### ASSIGNED TASK
The records are to be copied from the line that contains "This all-steel rotary" through their last line, word for word, with every picture left out.

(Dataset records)
================
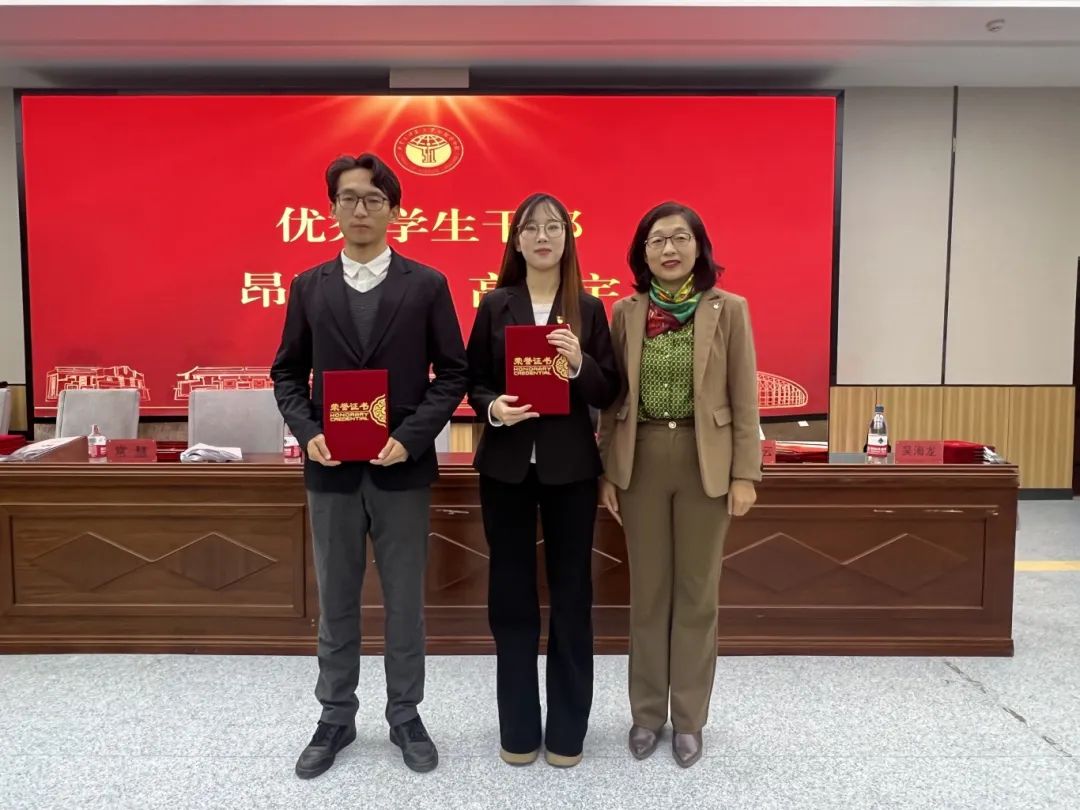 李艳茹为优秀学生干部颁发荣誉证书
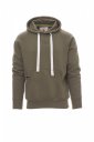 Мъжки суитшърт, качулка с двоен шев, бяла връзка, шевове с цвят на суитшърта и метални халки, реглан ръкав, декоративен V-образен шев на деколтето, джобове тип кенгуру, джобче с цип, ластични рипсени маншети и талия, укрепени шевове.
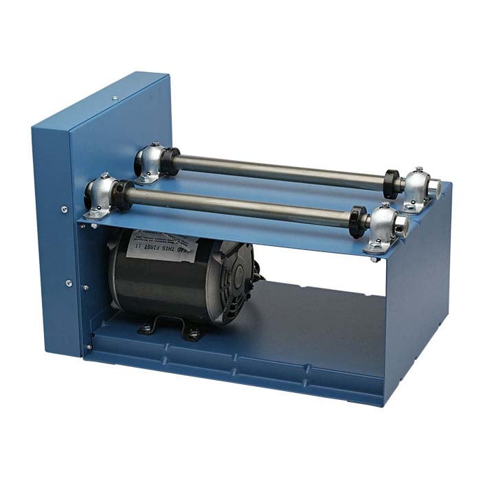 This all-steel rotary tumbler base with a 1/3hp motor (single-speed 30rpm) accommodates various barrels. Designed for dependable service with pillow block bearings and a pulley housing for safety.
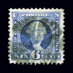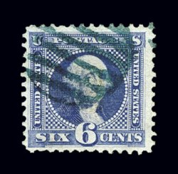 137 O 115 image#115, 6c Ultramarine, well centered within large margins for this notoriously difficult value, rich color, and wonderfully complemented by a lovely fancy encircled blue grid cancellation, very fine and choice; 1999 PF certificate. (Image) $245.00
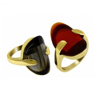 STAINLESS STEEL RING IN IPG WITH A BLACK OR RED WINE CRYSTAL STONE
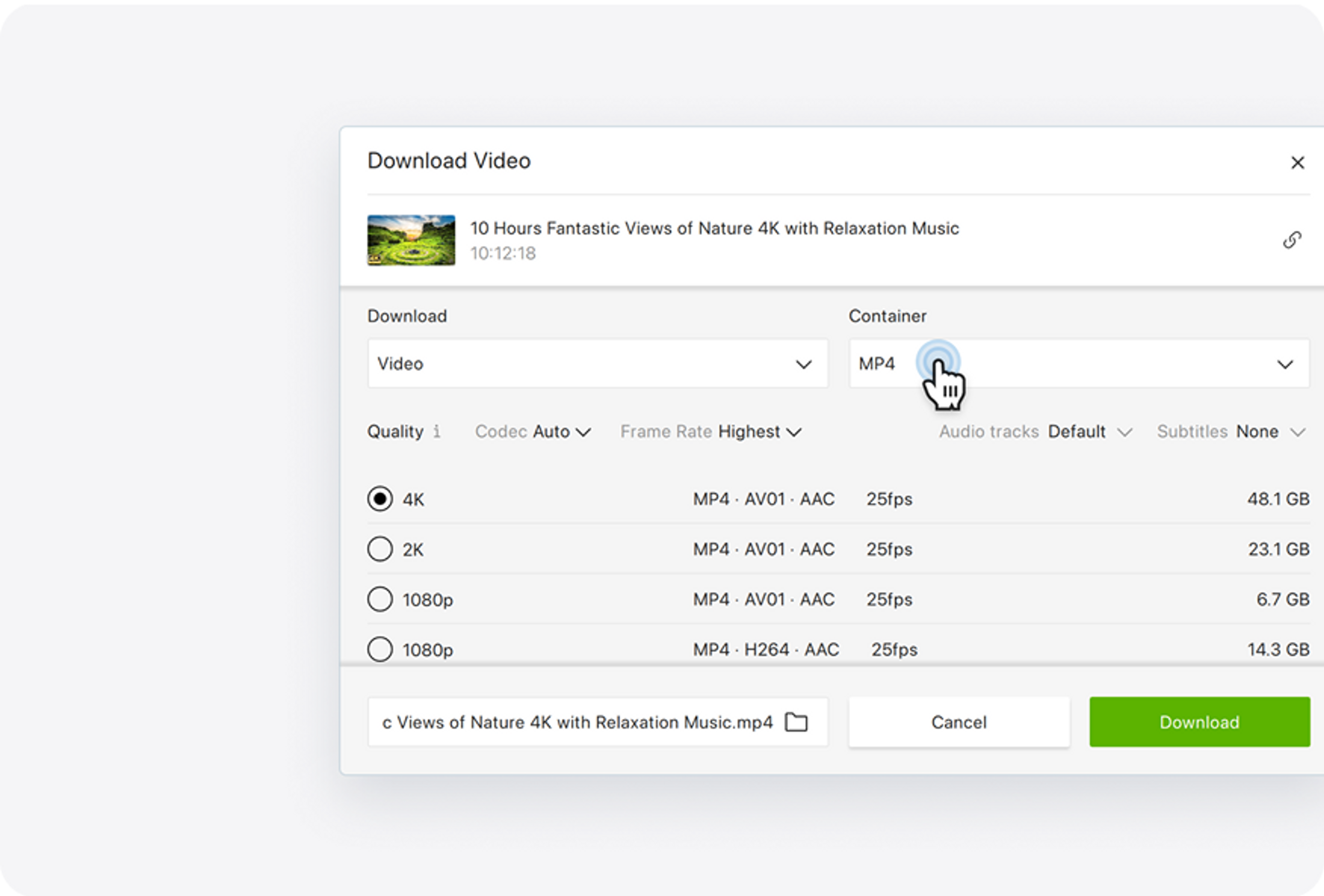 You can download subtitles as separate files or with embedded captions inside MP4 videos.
================
### EXPECTED OUTPUT
 This all-steel rotary tumbler base with a 1/3hp motor (single-speed 30rpm) accommodates various barrels. Designed for dependable service with pillow block bearings and a pulley housing for safety.
 137 O 115 image#115, 6c Ultramarine, well centered within large margins for this notoriously difficult value, rich color, and wonderfully complemented by a lovely fancy encircled blue grid cancellation, very fine and choice; 1999 PF certificate. (Image) $245.00
 STAINLESS STEEL RING IN IPG WITH A BLACK OR RED WINE CRYSTAL STONE
 You can download subtitles as separate files or with embedded captions inside MP4 videos.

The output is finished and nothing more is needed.